What sort of voodoo is required to get this working? We're using the old open-source nv driver. Our intention is to get noveau working some point, though.


----------



## wblock@ (Feb 17, 2013)

Have you enabled hald as shown in the Handbook X11 chapter?

Please show your xorg.conf and post the complete /var/log/Xorg.0.log to pastebin.com, giving the URL here.


----------



## shifuimam (Feb 17, 2013)

HALD is enabled.

xorg.conf:

http://pastie.org/6205901

Xorg.0.log:

http://pastie.org/6205910


----------



## shifuimam (Feb 17, 2013)

Some additional info:

/dev/ums0 is an external USB optical mouse attached to the machine, by the way. I tried to change the device to /dev/ams0, which is the internal ADB trackpad, but Xorg is still trying to use the USB mouse.

The USB mouse does work at the command line interface. The ADB trackpad does not.

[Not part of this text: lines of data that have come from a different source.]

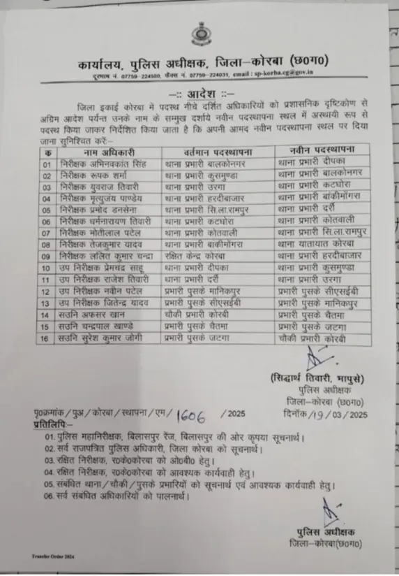 कोरबा, 19 मार्च (वेदांत समाचार)। कोरबा जिले के पुलिस विभाग में बड़ा फेरबदल हुआ है। एसपी कोरबा ने 9 निरीक्षकों सहित 16 पुलिसकर्मियों का तबादला आदेश जारी किया है। इस फेरबदल से जिले की पुलिस व्यवस्था में बड़ा बदलाव होने की उम्मीद है।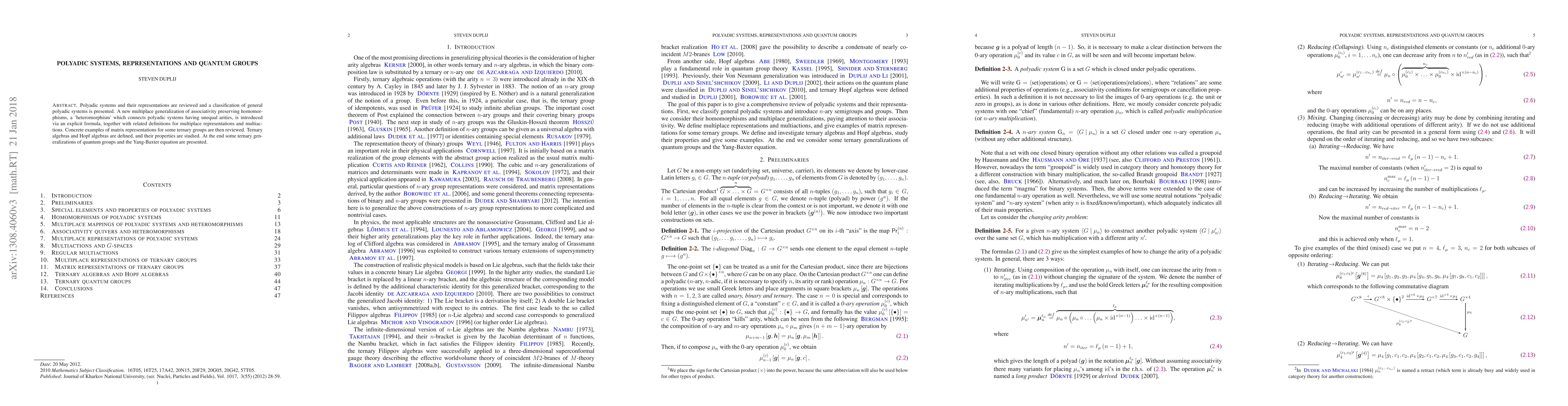 This paper reviews polyadic systems and their representations, introducing a new concept of heteromorphisms that connect systems with different arities. It also explores ternary algebras, Hopf algebras, and ternary generalizations of quantum groups and the Yang-Baxter equation.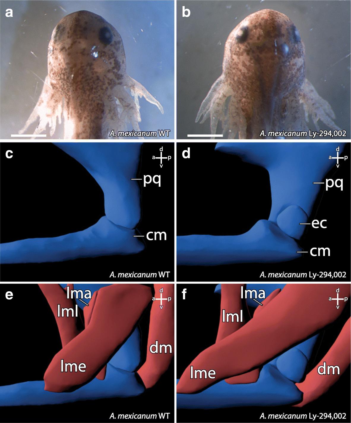 Effect of Ly-294,002 treatment on the external and internal morphology of A. mexicanum. Dorsal view of a control and b Ly-294,002 treated specimens reveals no differences in external morphology. Lateral view of 3D-reconstructions based on confocal laser scanning microscopy of c control and d Ly-294,002 treated specimen shows the development of an ectopic cartilage lateral to the jaw articulation in treated specimens. The musculature of e control and f treated specimens are similar and no changes in origination or insertion of muscles can be observed after bapx1 upregulation. cm, Meckel’s cartilage; dm, M. depressor mandibulae; ec, ectopic cartilage; lma, M. levator mandibulae articularis; lme, M. levator mandibulae externus; lml, M. levator mandibulae longus; pq, palatoquadrate. Scale bar 500 μm |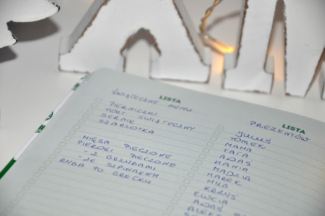 MAM Planner do torebki jest tylko mój i mam go zawsze przy sobie 🙂 To w nim znajdują się najważniejsze listy: lista potraw do przygotowania, lista prezentów, lista kartek świątecznych czy lista zakupów – nie da się ukryć, to wszytsko jest na mojej głowie ;/ Żadna z nich nie jest jeszcze w pełni gotowa, ale jest stale uzupełniana. Pracuję jeszcze nad listą porządków i lada moment się w nim pojawi.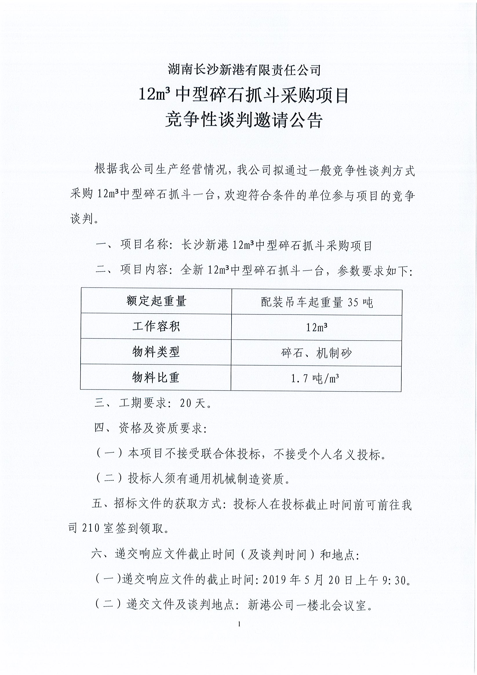 湖南長沙新港有限責任公司12m³中型碎石抓斗采購項目競爭性談判邀請公告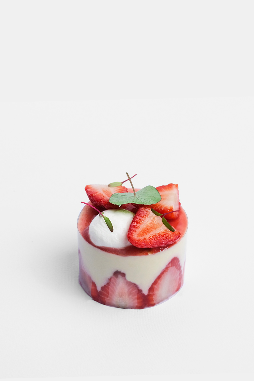 توت فرنگی ,ژنواز کیک اسفنجی سبک و نرم که با تخممرغ کامل، شکر و آرد تهیه میشود. ,سیروپ لیمو یک شربت شیرین و ترش که از ترکیب آب، شکر، زست لیمو و آب لیمو تهیه شده و بهعنوان طعمدهنده در دسرها و نوشیدنیها استفاده میشود. ,کرم شانتی خامه فرمگرفتهای که با شکر و وانیل طعمدار شده است. بهعنوان رویه دسرها استفاده میشود و طعمی شیرین و بافتی سبک دارد. نام آن از شاتو دو شانتیلی در فرانسه گرفته شده است. ,کرم موسلین ,کنفی توتفرنگی یک ترکیب میوهای که از توتفرنگی، شکر و آگار آگار تهیه شده و بافتی نرم و طعمی شیرین و ترش دارد که بهعنوان پرکننده یا رویه در دسرها استفاده میشود. ,گلیز آندرکات قرمز یک رویه براق که از ترکیب شکلات سفید، روغن هسته انگور و رنگ قرمز تهیه شده و بهعنوان رویه دسرها استفاده میشود و ظاهری جذاب و طعمی شیرین دارد. |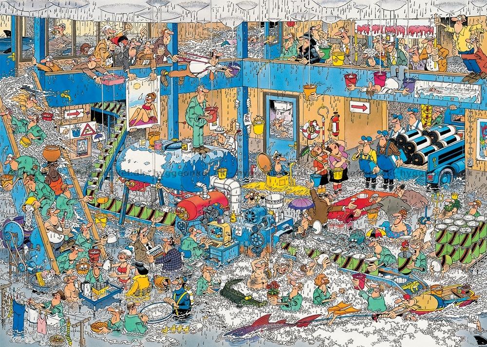 - Pusslet är ritat av Jan van Haasteren. Han har gjort en hel serie av dessa tokiga och detaljrika pussel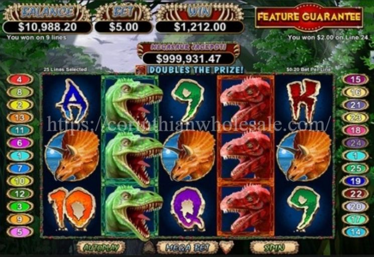 Setiap kali Megasaur muncul, ia bisa meluas menutupi satu reel penuh, bahkan bisa menambahkan pengganda hingga 5x.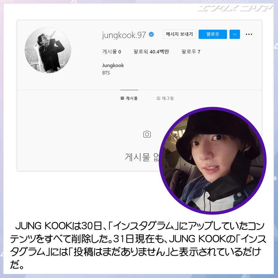 防弾少年団(BTS)のメンバー、JUNG KOOKが写真共有ソーシャル・ネットワーキング・サービス(SNS)「インスタグラム」の投稿をすべて削除した。JUNG KOOKは30日、「インスタグラム」にアップしていたコンテンツをすべて削除した。31日現在も...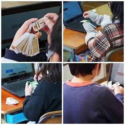 1年生、繰り下がりのある引き算の練習をしています。すらすらとカードがめくられていきます。

According to *dmesg*, the keyboard is also ADB.

I also searched through *dmesg* for anything related to the GPU, and came up completely empty.


----------



## wblock@ (Feb 17, 2013)

I would try it without a mouse InputDevice defined at all.

The fonts are not found.  Did you install x11/xorg or x11/xorg-minimal?


----------



## shifuimam (Feb 17, 2013)

Removed the mouse InputDevice - no dice. We also force-stopped moused so that X could use it. No mouse in *Xorg -retro*, but no errors in Xorg.0.log, either.


----------



## sossego (Feb 18, 2013)

You must edit the xorg.conf file with the variables for the screen.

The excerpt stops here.